God’s remembrances in this life work out as His best providences for us. They transform us into the likeness of Christ in our individual circumstances, and His remembrances echo eternal promises and benefits, reflecting His character. He is a God who has a special relationship with a special people whom He will not forget, who have been redeemed as a people and who are being prepared to stand as the bride of Christ at the wedding feast.
Isn’t it incredible that while the Father remembers me as His child, because I am in Christ, none of the sins I have committed will be held against me as a record of wrongs with payment due (Ezekiel 33:16, Hosea 2:7)? My wedding garb is white as snow. Jesus has paid it all. If merely waiting for the day to be honored by Him is my lot until I am remembered, I thought that early spring morning, then I have found my resting place.
That day I chose my name for you because I knew without a doubt that God’s remembrance and abiding love rested on me, and I was making my request known to Him that, one day, in His mercy and goodness, He would cause it to reside on you, and that you would KNOW it. God does remember, because it does and you do, which you wrote about here with eloquence and clarity.

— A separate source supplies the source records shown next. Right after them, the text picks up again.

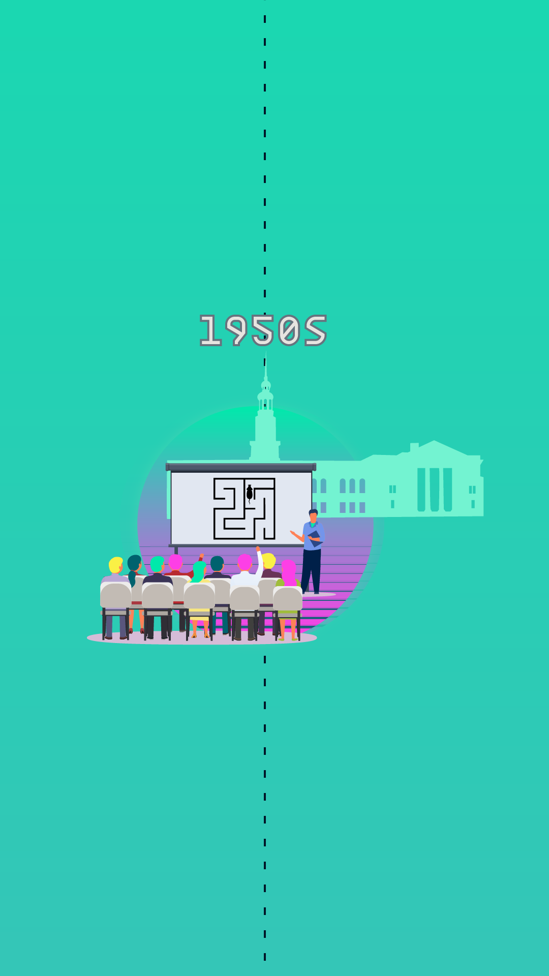 The machine is a five-tonne computer the size of a room which is fed a series of punch cards. After 50 trials, the computer teaches itself to distinguish cards marked on the left from cards marked on the right.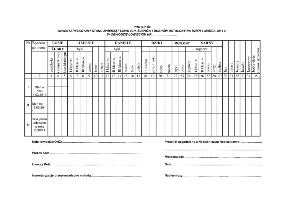 PROTOKÓŁ INWENTARYZACYJNY STANU ZWIERZĄT ŁOWNYCH, ŻUBRÓW i BOBRÓW USTALONY NA DZIEŃ 1 MARCA 2011 r. W OBWODZIE ŁOWIECKIM NR…………………….. 20 21 kuropatwy bobry-ilość stanowisk rodzin. kaczki bażanty zające lisy koźlęta kozy razem II klasa w. I klasa w. jagnięta owce tryki razem pow. 1 roku lochy do 1 roku 19 cielęta 9 10 11 12 13 14 15 16 17 18 łanie 8 razem 7 III klasa w. 6 II klasa w. 5 I klasa w. razem 4 cielęta III klasa w. rogacze 3 łanie SARNY MUFLONY byki II klasa w. Stan w dniu 1.03.2011 byki DZIKI I klasa w. I ŻUBRY DANIELE łoszaki/cielęta 2 JELENIE klempy/krowy 1 ŁOSIE byki/byki Nr Wyszczególnienie 22 23 24 25 26 27 28 29 30 31 32 33 34 35 II Stan na 15.03.201 1 Wyk.planu odstrzału III w roku 2010/11 Koło łowieckie(OHZ)………………………………...…………………....……………. Protokół uzgodniono z Nadleśniczym Nadleśnictwa: ……...………… …………………………………………………………………………………… Prezes Koła ………………...……….……………………….…..……………………… Miejscowość ………..…...……….……...…..………..…...………………… Łowczy Koła……………..….…………...….……....………….………………….…… Data……………………………………………………………………………… Inwentaryzację przeprowadzono metodą…………………………..………..…….. Nadleśniczy……………...………………..……....………………………….. ……...………… ………………… ………………… …………………
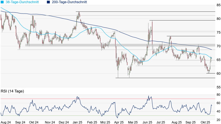 Charttechnik: Der Brent-Preis hat erst am Montag bei 60,07 US-Dollar ein neues 5-Monats-Tief erreicht. In den vergangenen beiden Tagen ging es jedoch wieder kräftig aufwärts. Dabei wurde auch der aktuell bei 65,62 Dollar verlaufende 38-Tage-Durchschnitt überquert - im Hoch kletterte der Brent-Preis bis auf 66,36 Dollar nach oben. Ein Waffenstillstand zwischen Russland und der Ukraine scheint wieder in weite Ferne gerückt zu sein, was die Ölpreise grundsätzlich unterstützen sollte. Auch die neuen Sanktionen gegen Russland und möglicherweise auch Indien dürften die Ölpreise kurzfristig unterstützen. Doch ob dies die Ölpreise nachhaltig anschieben wird, ist ungewiss, zumal die USA alles andere als steigende Ölpreise gebrauchen können, da sie die Inflation weiter befeuern würden. Was US-Präsident Donald Trump mehr will als alles andere, sind fallende Zinsen. Mit einer kräftig anziehenden Inflation wäre dies jedoch eher unwahrscheinlich. Die charttechnische Situation könnte sich mit dem Überqueren der aktuell bei 68,71 Dollar verlaufenden 200-Tage-Jedoch deutlich aufhellen. Auf der Unterseite scheint die Talfahrt fürs Erste jedoch gestoppt zu sein.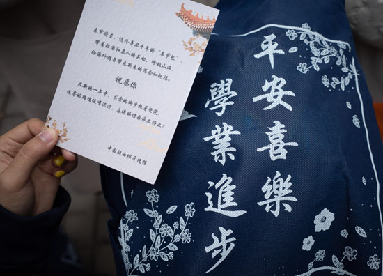 图为2月6日在西班牙马德里拍摄的中国驻西班牙大使馆为留学生准备的“春节包”中的慰问信。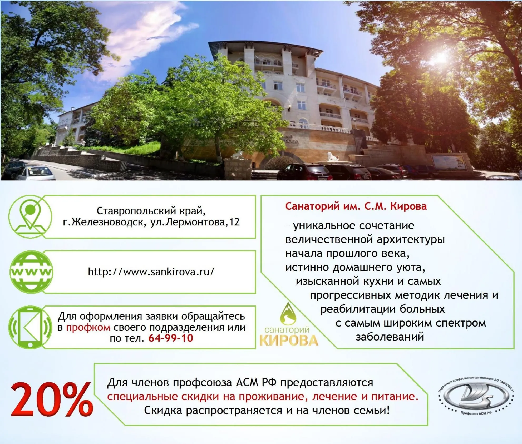 6. Санаторий им.С.М.Кирова (Ставропольский край, в г.Железноводск), предоставляет самые разные программы лечения и варианты размещения. На 2023 год для членов профсоюза АСМ РФ также предоставляются специальные скидки на проживание, лечение и питание в данном санатории.Для оформления заявки обращайтесь в профком АНО.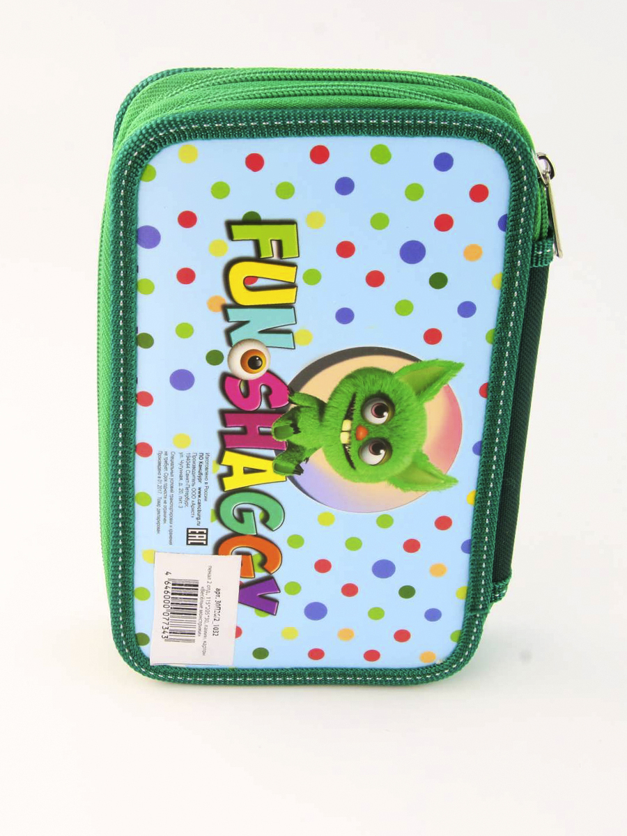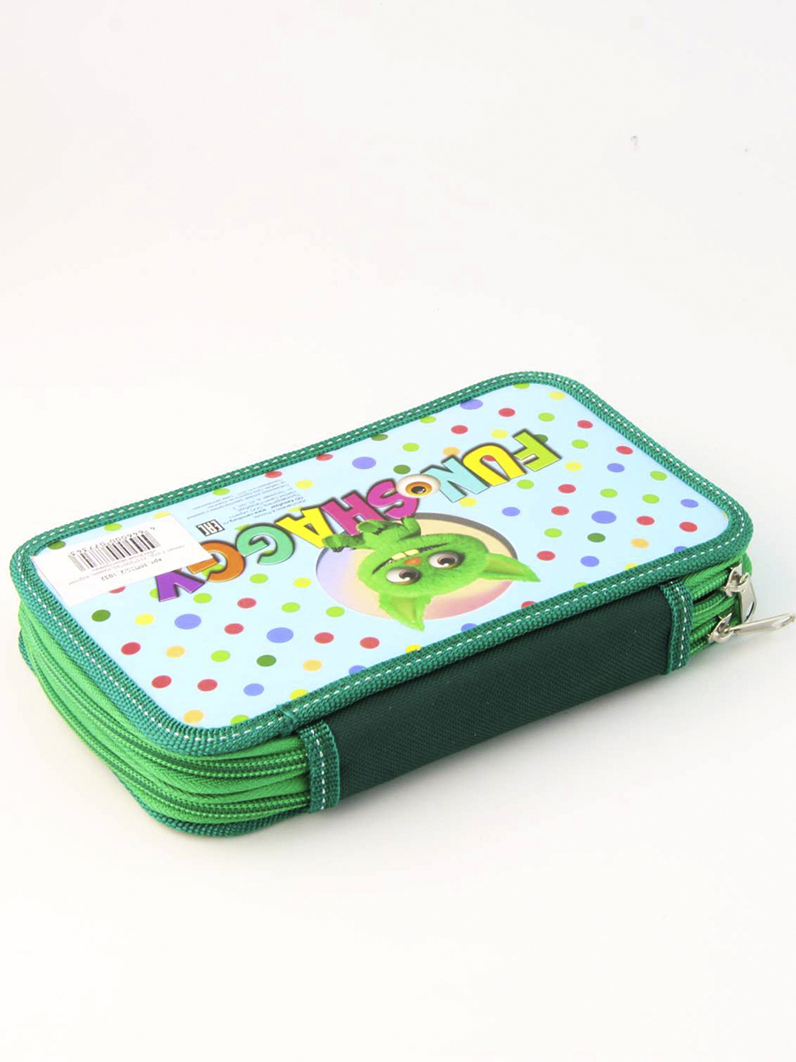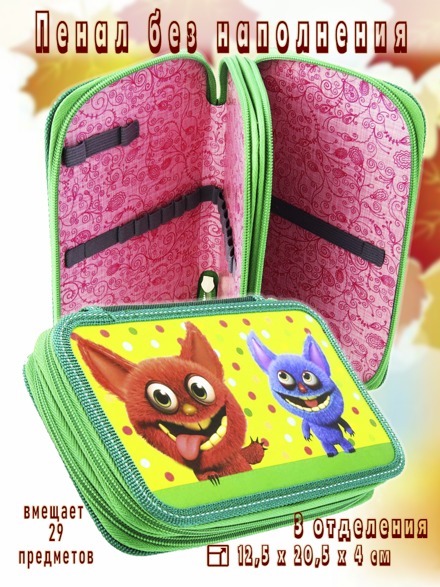 Пенал 2 отделения увеличенный лам. 2621032 Веселые монстрики, на молнии, зеленый
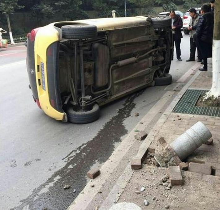 一辆轿车侧翻在路面上,油箱里的油漏出后,地面有明显的油迹。而在一旁的人行横道上,水泥柱也瘫倒在地,泥土碎渣和砖头散落一地。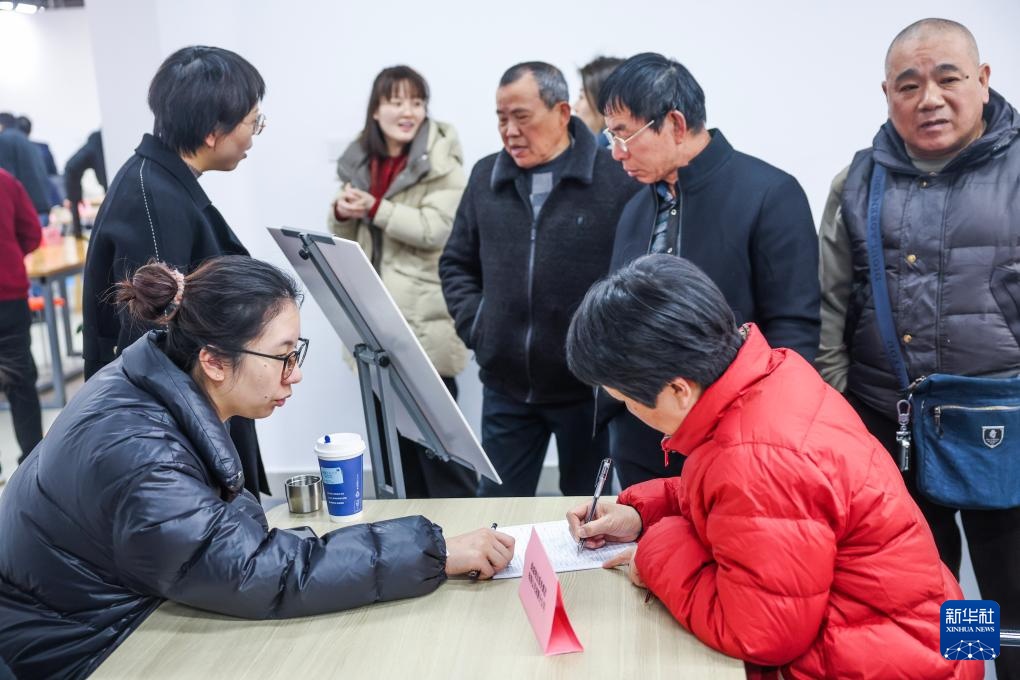 2月13日,在公租房小区春节专场招聘会上,应聘者填写表格。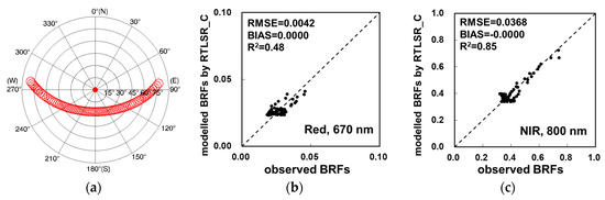 The best hotspot parameters of the hotspot reflectance height (C1) and width (C2) in the RTLSR_C model at several typical bands have been given based on a wide search from sufficient hotspot observations of POLDER [53], and the average optimal hotspot parameters in the red band (C1 = 0.5, C2 = 3.4°) and NIR band (C1 = 0.5, C2 = 3.0°) were used in model inversion. By inputting multiangle reflectances to the model, the three weight coefficients of fiso, fvol, and fgeo can be determined where the fitting RMSEs between the observed and modelled multiangle reflectances achieve the minimum, such as the global MODIS BRDF parameter products [22,23]. Subsequently, directional reflectance at arbitrary solar-view orientations can be simulated.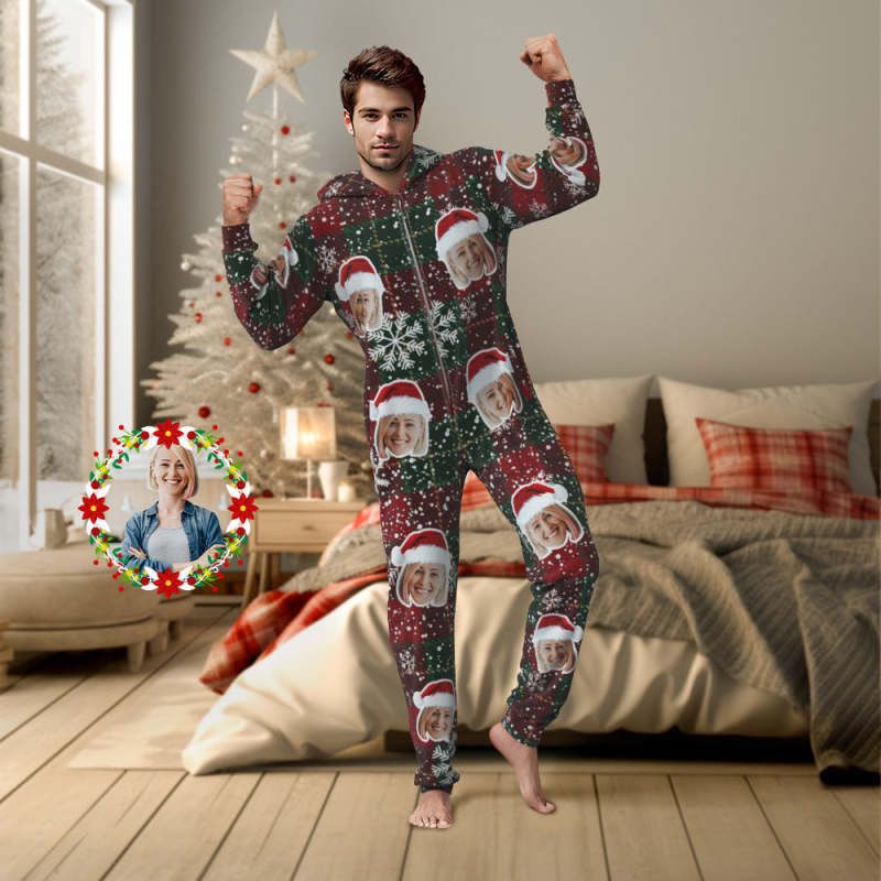 Custom Face Classic Christmas Onesies Pajamas One-Piece Sleepwear Christmas Gift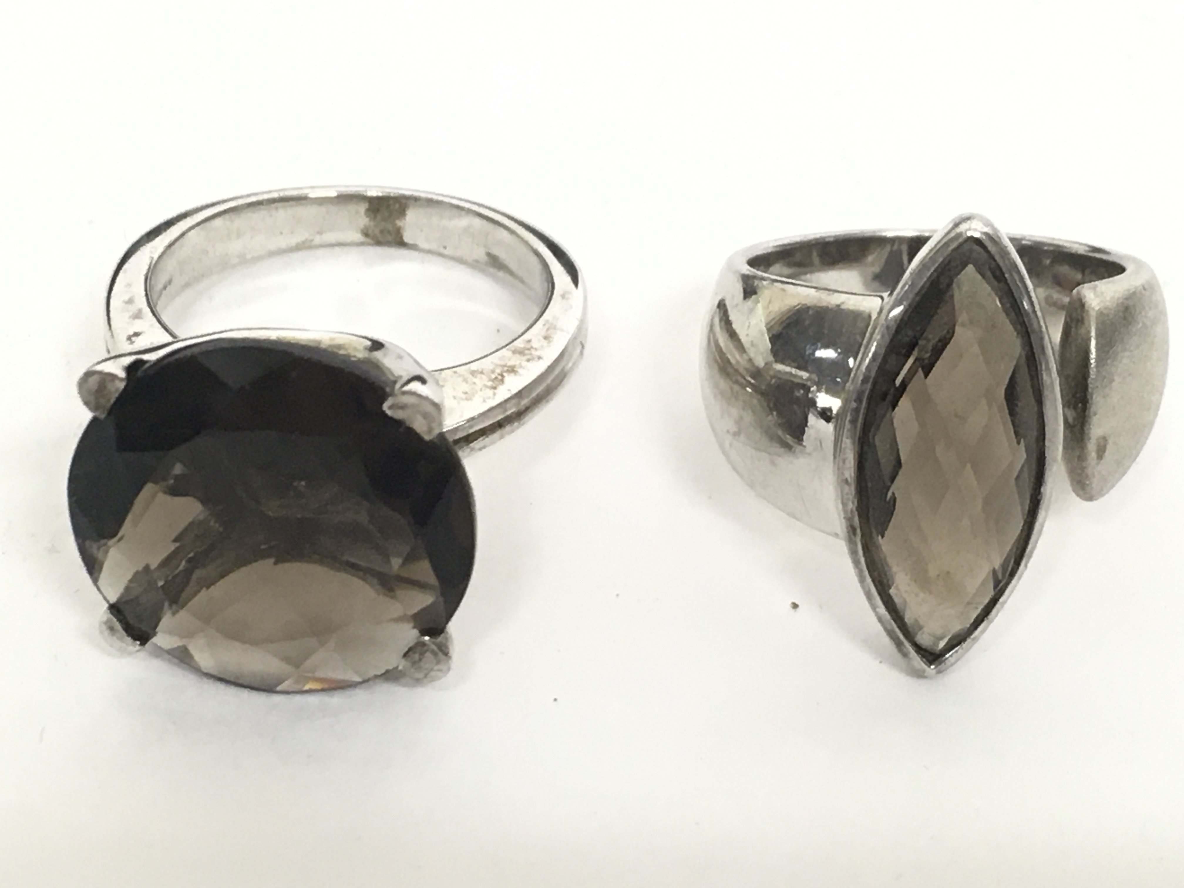 Two silver smokey quartz rings, sizes S & N. postage category A
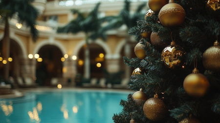A beautifully decorated Christmas tree adorned with gold ornaments stands elegantly by a luxurious indoor pool, creating a serene holiday atmosphere perfect for celebrations.

And then, just the other day, you posted this on your blog:
But I am not without hope. God is teaching me to hold the finite, human, godly, earthly desire to raise children with a loose grip. He spent the last several weeks of summer prying my fingers away from this desire, this wish I held onto for almost two years, preparing me for when He would lift it completely out of my hands. And while fostering and adopting are still a possibility, for now, God is telling us to wait. My desire is lessened and the possibility of that desire ever becoming reality is uncertain.
So I will wait on the Lord, like my namesake Hannah, and pray that He will constantly remind me of the finiteness of my own desire for children and the infiniteness of His salvation, grace, and being. If all He asks of me is to let go of my deepest earthly desire in order to serve, worship, and love Him better, I am blessed beyond words.
And God remembered Hannah.
Psalm 136:26, “It is he who remembered us in our low estate, for his steadfast love endures forever.”